Book Veterans    Lament

Download or read book Veterans Lament written by Oliver L. North and published by Fidelis Books. This book was released on 2020-10-06 with total page 216 pages. Available in PDF, EPUB and Kindle. Book excerpt: What is happening to our country? This question is heard more and more frequently these days as Americans worry about the unrelenting attacks by so-called progressives on the foundation, core values, and history of our nation. Nobody is more concerned than those Americans who volunteered to serve in uniform and willingly put their lives on the line to protect the United States and all it represents. Based on interviews by the authors, this book explains why many of our American heroes believed in and loved our nation enough to go into harm’s way to defend it, and why so many of them now question if America is still the country they fought for. More importantly, it asks—is America still worth fighting for?

Book The Brain

    Book Details:
  • Author : David Eagleman
  • Publisher : Vintage
  • Release : 2015-10-06
  • ISBN : 1101870540
  • Pages : 258 pages

Download or read book The Brain written by David Eagleman and published by Vintage. This book was released on 2015-10-06 with total page 258 pages. Available in PDF, EPUB and Kindle. Book excerpt: From the renowned neuroscientist and New York Times bestselling author of Incognito comes the companion volume to the international PBS series about how your life shapes your brain, and how your brain shapes your life. "An ideal introduction to how biology generates the mind.... Clear, engaging and thought-provoking." —Nature Locked in the silence and darkness of your skull, your brain fashions the rich narratives of your reality and your identity. Join renowned neuroscientist David Eagleman for a journey into the questions at the mysterious heart of our existence. What is reality? Who are “you”? How do you make decisions? Why does your brain need other people? How is technology poised to change what it means to be human? In the course of his investigations, Eagleman guides us through the world of extreme sports, criminal justice, facial expressions, genocide, brain surgery, gut feelings, robotics, and the search for immortality. Strap in for a whistle-stop tour into the inner cosmos. In the infinitely dense tangle of billions of brain cells and their trillions of connections, something emerges that you might not have expected to see in there: you. Color illustrations throughout.

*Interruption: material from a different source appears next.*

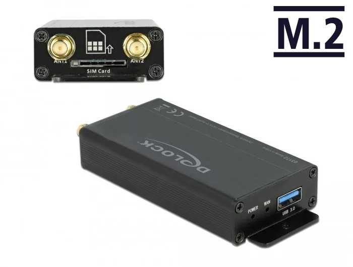 A robosztus ház megvédi a beépített M.2 modult a károsodástól például menetközbeni használatkor. A kér SMA antenna konnektor és a hozzá tartozó antennák segítségével fogható rádiójel úgy, mint LTE, vagy az egyik antenna használható 2,4 GHz-en és a másik 5 GHz-en WiFi mód használatakor.

Book Phantoms in the Brain

    Book Details:
  • Author : V. S. Ramachandran
  • Publisher : Harper Collins
  • Release : 1999-08-18
  • ISBN : 0688172172
  • Pages : 353 pages

Download or read book Phantoms in the Brain written by V. S. Ramachandran and published by Harper Collins. This book was released on 1999-08-18 with total page 353 pages. Available in PDF, EPUB and Kindle. Book excerpt: Neuroscientist V.S. Ramachandran is internationally renowned for uncovering answers to the deep and quirky questions of human nature that few scientists have dared to address. His bold insights about the brain are matched only by the stunning simplicity of his experiments -- using such low-tech tools as cotton swabs, glasses of water and dime-store mirrors. In Phantoms in the Brain, Dr. Ramachandran recounts how his work with patients who have bizarre neurological disorders has shed new light on the deep architecture of the brain, and what these findings tell us about who we are, how we construct our body image, why we laugh or become depressed, why we may believe in God, how we make decisions, deceive ourselves and dream, perhaps even why we're so clever at philosophy, music and art. Some of his most notable cases: A woman paralyzed on the left side of her body who believes she is lifting a tray of drinks with both hands offers a unique opportunity to test Freud's theory of denial. A man who insists he is talking with God challenges us to ask: Could we be "wired" for religious experience? A woman who hallucinates cartoon characters illustrates how, in a sense, we are all hallucinating, all the time. Dr. Ramachandran's inspired medical detective work pushes the boundaries of medicine's last great frontier -- the human mind -- yielding new and provocative insights into the "big questions" about consciousness and the self.